St. James's Parish Church (župnijska cerkev sv. Jakoba, šentjakobska cerkev) is a church in Ljubljana, the capital of Slovenia. It is dedicated to St. James the Greater. Its name is often incorrectly translated as St. Jacob's because Slovene, like many other languages, uses the same word for both James and Jacob.

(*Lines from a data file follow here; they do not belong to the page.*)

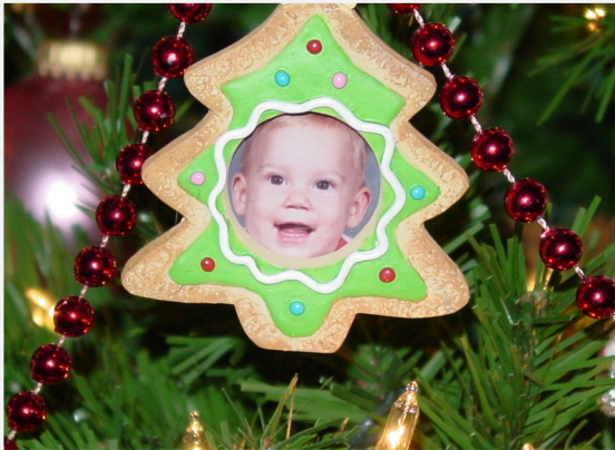
HANGING OF THE FAMILY ORNAMENTS! THIS IS YOURS TRULY AS A BABY HANGING ON OUR FAMILY CHRISTMAS TREE.

Christmas is an important holiday, especially to Christians who celebrate the birth of Jesus. Many of us have traditions while others do not so I thought this would be a great opportunity to mention several different traditions and maybe you and your loved ones can start your own this holiday season.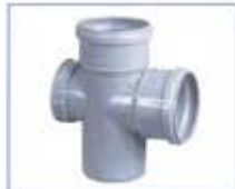
SINGLE 'T' WITH DOOR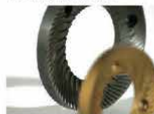
Professional grinding thanks to Nanotech grinders.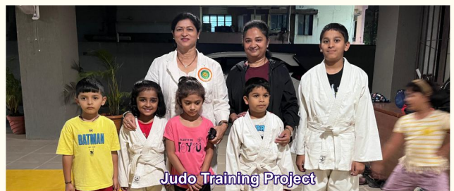
Judo Training Project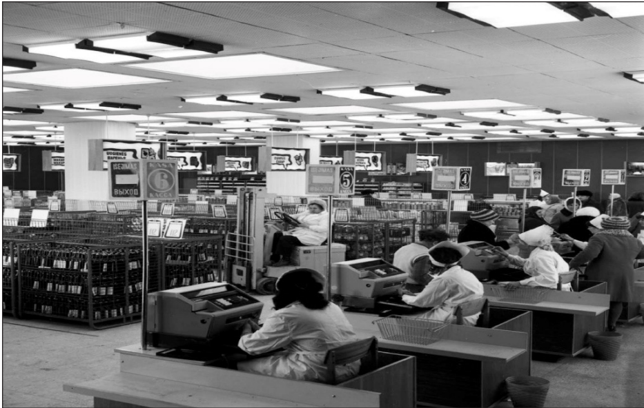
Figure 11: Interior of the shopping centre Debrecenas in Klaipėda, 1974.

The promotional leaflets of shopping centres were also used to enhance the architectural image of shopping complexes as efforts were made by Soviet propaganda to underline the construction achievements of Soviet commercial buildings. In light of the above, instead of introducing the goods available for sale, the promotional leaflets of a range of shopping centres emphasize the vast number of tons of steel and concrete used for the construction of shopping complexes along with the modern finishing materials and the visual design solutions for exteriors and interiors. For instance, "After opening the door of the shopping centre 'Papartis', you will be captivated by the original advertising and characteristic interior with ceramic tiles, laminated panels and organic glass used for its decoration". 76 In this way, printed information was employed to give a preconceived opinion to buyers about both the goods and the modern style of the very commercial building.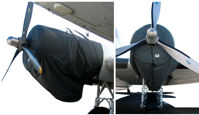
DC3 Engine Covers are custom made for various engine mod's.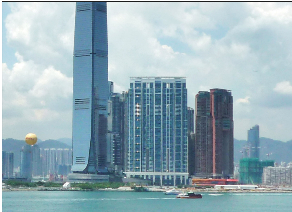
VSR 3 The Harbourside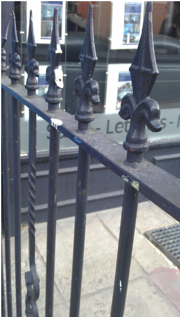
3A View of Existing Railing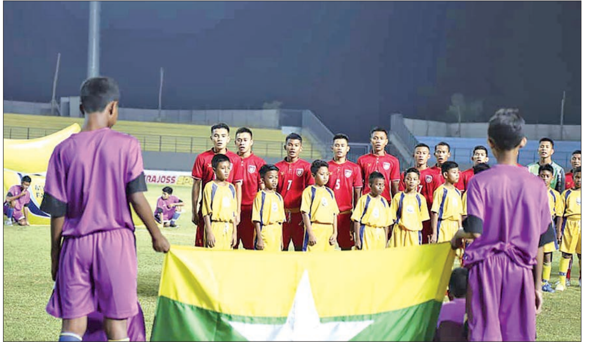
The Myanmar U-16 boys football team sing the national anthem during an international match against Timor Leste on 29 July, 2018.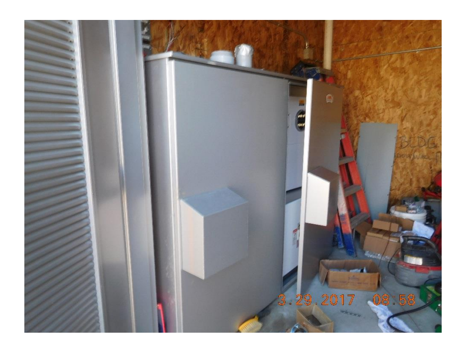
Electrical Breaker Box inside Eastern Kiosk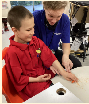
Clover class painting in the style of Canadian rolling art.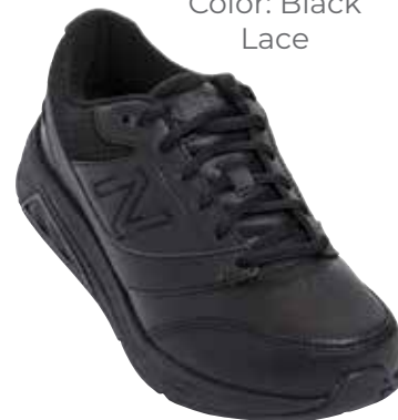
MW928BK3 Color: Black Lace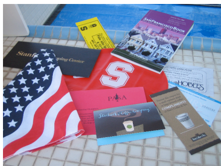
Several Palo Alto businesses donated coupons for the Olympic Swim Team.

Nationals and eventually the trip to Greece. While the team was training at Stanford, BASOC and the Palo Alto business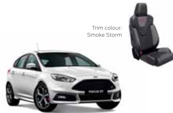
Trim colour: Smoke Storm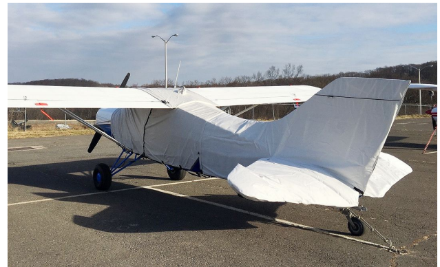
Maule M-5-235C Extended Canopy Cover, Empennage Cover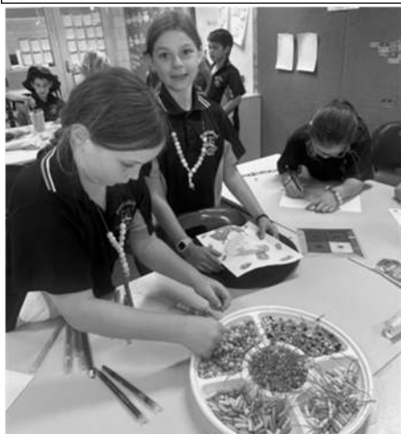
Year 4 Friendship bracelets and necklaces symbolising everyone belongs.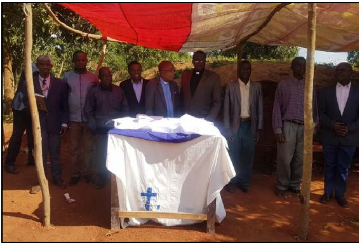
Brethren in Christ Church Mozambique annual general conference July 2022 in Milange, Mozambique.

God is our home, our refuge and our hope in times of trial.

In the late 1920s, the square in front of the church was renovated by the Slovene architect Jože Plečnik, and in the early 1950s by the architect Boris Kobe. Opposite St. James's Church is Gruber Mansion, which houses the Slovenian National Archives.

==History==
The church was built in the Baroque style between 1613 and 1615 on the site of an older Gothic style church, erected in the early 15th century by the Augustinian Order. In 1598, the old church was acquired by the Jesuits and thus became the first Jesuit church in the Slovene Lands and one of the first in the Inner Austria. The interior was designed by the Italian architect Francesco Robba, who designed the main altar, and the Slovene stonemason Luka Mislej, who designed the entrance portal and the stone side altars. After the Ljubljana earthquake of 1895, the church was renovated by the Linz-based architect Raimund Jeblinger and the interiors were redesigned by Janez Šubic. Nevertheless, much of the original Baroque style has remained intact.

==St. Mary's Column==
On the side of the church there is a column erected in 1682 to commemorate the Habsburg victory against the Ottoman Turks in the Battle of Saint Gotthard.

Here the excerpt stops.